I have human nose swab samples. My samples were pooled before sequencing (16S and 18S together). My data are fastq.gz samples (R1 and R2) for each of my samples.
I do the following:
remove my adapters (using cutadapt)
split my data in 16S and 18S based on the primers and remove the primers (with cutadapt)
using a manifest file I create .qza files with my data
following I look at my quality and decide to trunc. I only trunc my reverse reads of the 16S as the others look ok (see picture).
When I look at my denoising statistics, I see that I only keep around 3% of my input and I don't understand why (see picture).

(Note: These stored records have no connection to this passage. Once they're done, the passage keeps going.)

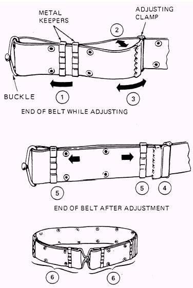 the Pistol Belt First, try on the belt for size. It should be comfortable y snug-not tight. The following six steps in adjusting the pistol belt correspond to the six actions shown in figure 2-3: 1. Push the two metal keepers between the adjusting clamp and the belt buckle toward the buckle. 2. Unlock the adjusting clamp by spreading the looped webbing apart. 3. Slide the clamp toward the belt buckle to loosen or away from the buckle to tighten.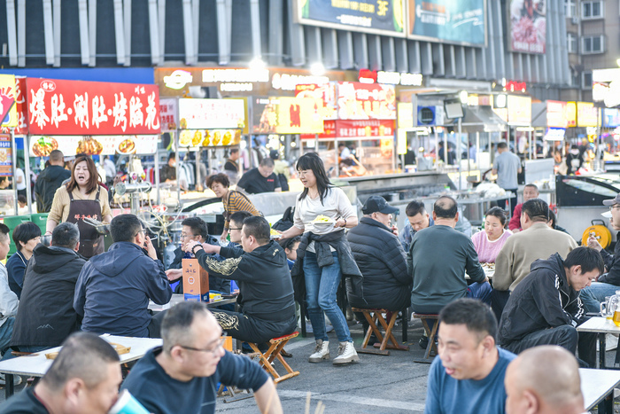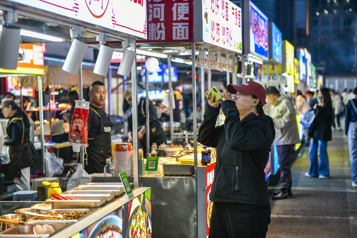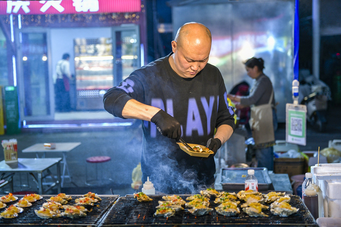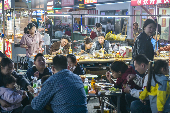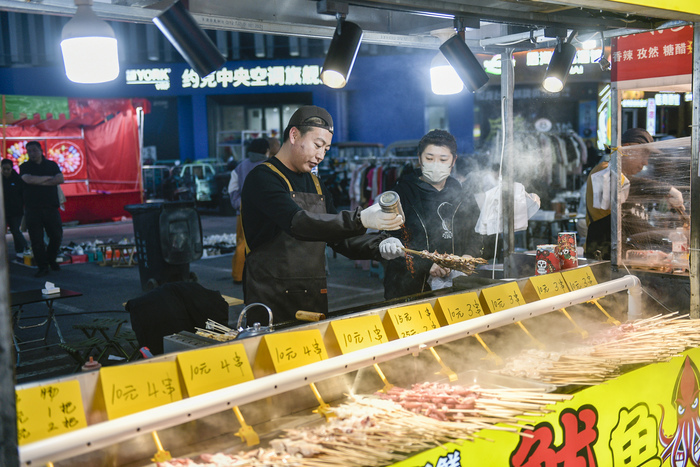 相较于年轻摊主的稳步起步,36岁的大排档摊主周鹤则在这里实现了创业进阶。他告诉记者,自己已经在月星夜市集摆摊4年,摊位从最初的9米长,逐步升级到18米,今年更是直接拿下了30余米的摊位,主营烧烤、炒菜和啤酒,“去年的营业额达到了180万,还实现了开酒厂梦。”周鹤坦言,规范化的夜市为手艺人提供了稳定的展示平台,也让小生意有了扎根生长的土壤,“这里不少商户都是夫妻档、父子档,灵活就业的模式,为一个个家庭增添了收入来源。”
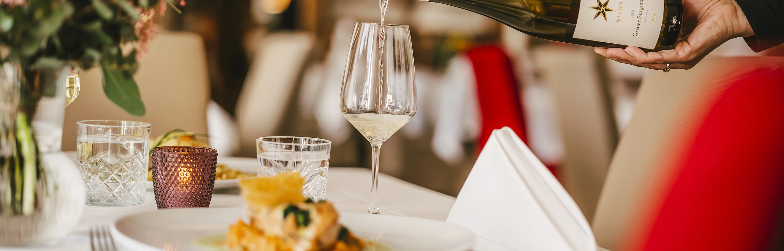 Anne-Sophie Stern präsentiert die vielfach ausgezeichneten Weine unseres befreundeten Weinguts Stern aus Hochstadt. Ursprünglich über eine Freundschaft der beiden Großväter zusammengekommen, verbindet uns auch heute noch die Tradition und Leidenschaft für das was wir tun. Dazu serviert Ihnen unser Küchenteam ein 5-Gang-Menü mit ausgewählten heimischen Produkten – auf Wunsch auch vegetarisch. Preis p. P. 89,00 Euro Sonderpreis inkl. Übernachtung ab 139,00 Euro p.P. im Doppelzimmer 30,- € EZ-Zuschlag Wir freuen uns auf Ihre Reservierung!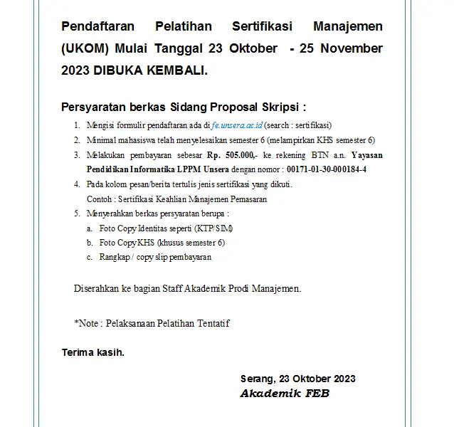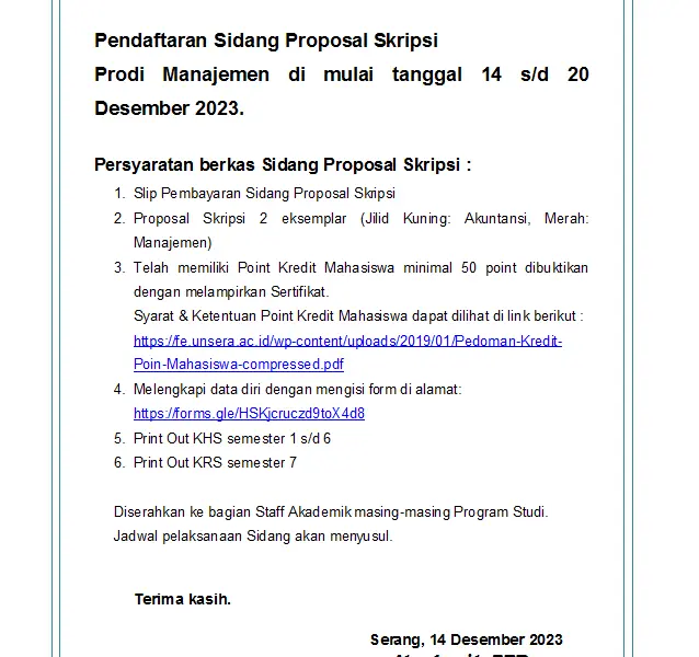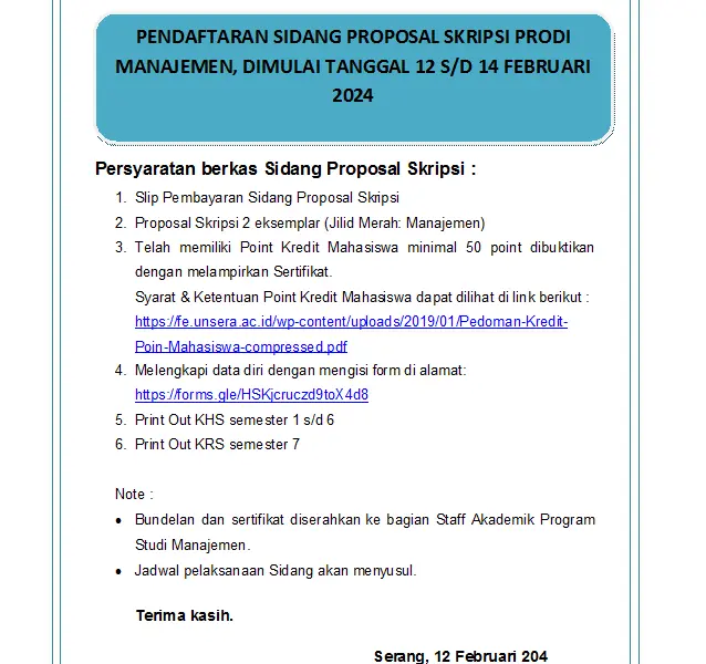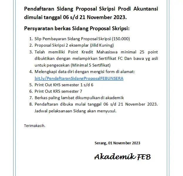 Read MoreKlik disini: bit.ly/PendaftaranSidangProposalFEBUNSERA

Can someone help me?
FWD_ADAPTER="TCGTCGGCAGCGTCAGATGTGTATAAGAGACAG"
REV_ADAPTER="GTCTCGTGGGCTCGGAGATGTGTATAAGAGACAG"
# Zoek alle forward reads (_R1.fastq.gz) in RUN205 en submappen
find "$INPUT_DIR" -type f -name "*_R1.fastq.gz" | while read FORWARD; do
# Vind het bijbehorende reverse read-bestand (_R2.fastq.gz)
REVERSE="${FORWARD/_R1.fastq.gz/_R2.fastq.gz}"
# Controleer of het reverse bestand bestaat
if [ -f "$REVERSE" ]; then
BASENAME=$(basename "$FORWARD" _R1.fastq.gz)
echo "Verwerken: $BASENAME"
# Cutadapt uitvoeren voor adapter trimming
cutadapt \
-a "$FWD_ADAPTER" -A "$REV_ADAPTER" \
-o "$OUTPUT_DIR/${BASENAME}_trimmed_R1.fastq.gz" \
-p "$OUTPUT_DIR/${BASENAME}_trimmed_R2.fastq.gz" \
"$FORWARD" "$REVERSE"
echo "Klaar: $BASENAME"
else
echo "Geen bijbehorende R2 gevonden voor $FORWARD! Overslaan..."
fi
done
splitting:
find "$INPUT_DIR" -type f -name "*R1.fastq.gz" | while read FORWARD; do
# Vind het corresponderende reverse bestand
REVERSE="${FORWARD/R1.fastq.gz/R2.fastq.gz}"
# Controleer of het reverse bestand bestaat
if [ -f "$REVERSE" ]; then
# Extracteer de basisnaam zonder subpad
BASENAME=$(basename "$FORWARD" _R1.fastq.gz | sed 's/_trimmed//')
echo "Processing $BASENAME..."
# Run Cutadapt voor 16S
cutadapt \
-g "CCTACGGGNGGCWGCAG" \
-G "GACTACHVGGGTATCTAATCC" \
-o "$OUTPUT_DIR/${BASENAME}_16S_R1.fastq.gz" \
-p "$OUTPUT_DIR/${BASENAME}_16S_R2.fastq.gz" \
"$FORWARD" "$REVERSE"
# Run Cutadapt voor 18S
cutadapt \
-g "CAGCAGCCGCGGTAATTCC" \
-G "CCCGTGTTGAGTCAAATTAAGC" \
-o "$OUTPUT_DIR/${BASENAME}_18S_R1.fastq.gz" \
-p "$OUTPUT_DIR/${BASENAME}_18S_R2.fastq.gz" \
"$FORWARD" "$REVERSE"
else
echo "Waarschuwing: Geen bijbehorende R2 voor $FORWARD gevonden!"
fi
done
This is basically exactly what I would have done given those quality plots, so at this point all I can recommend is setting your trunc-len a bit more aggressively to see if we can get through filtering.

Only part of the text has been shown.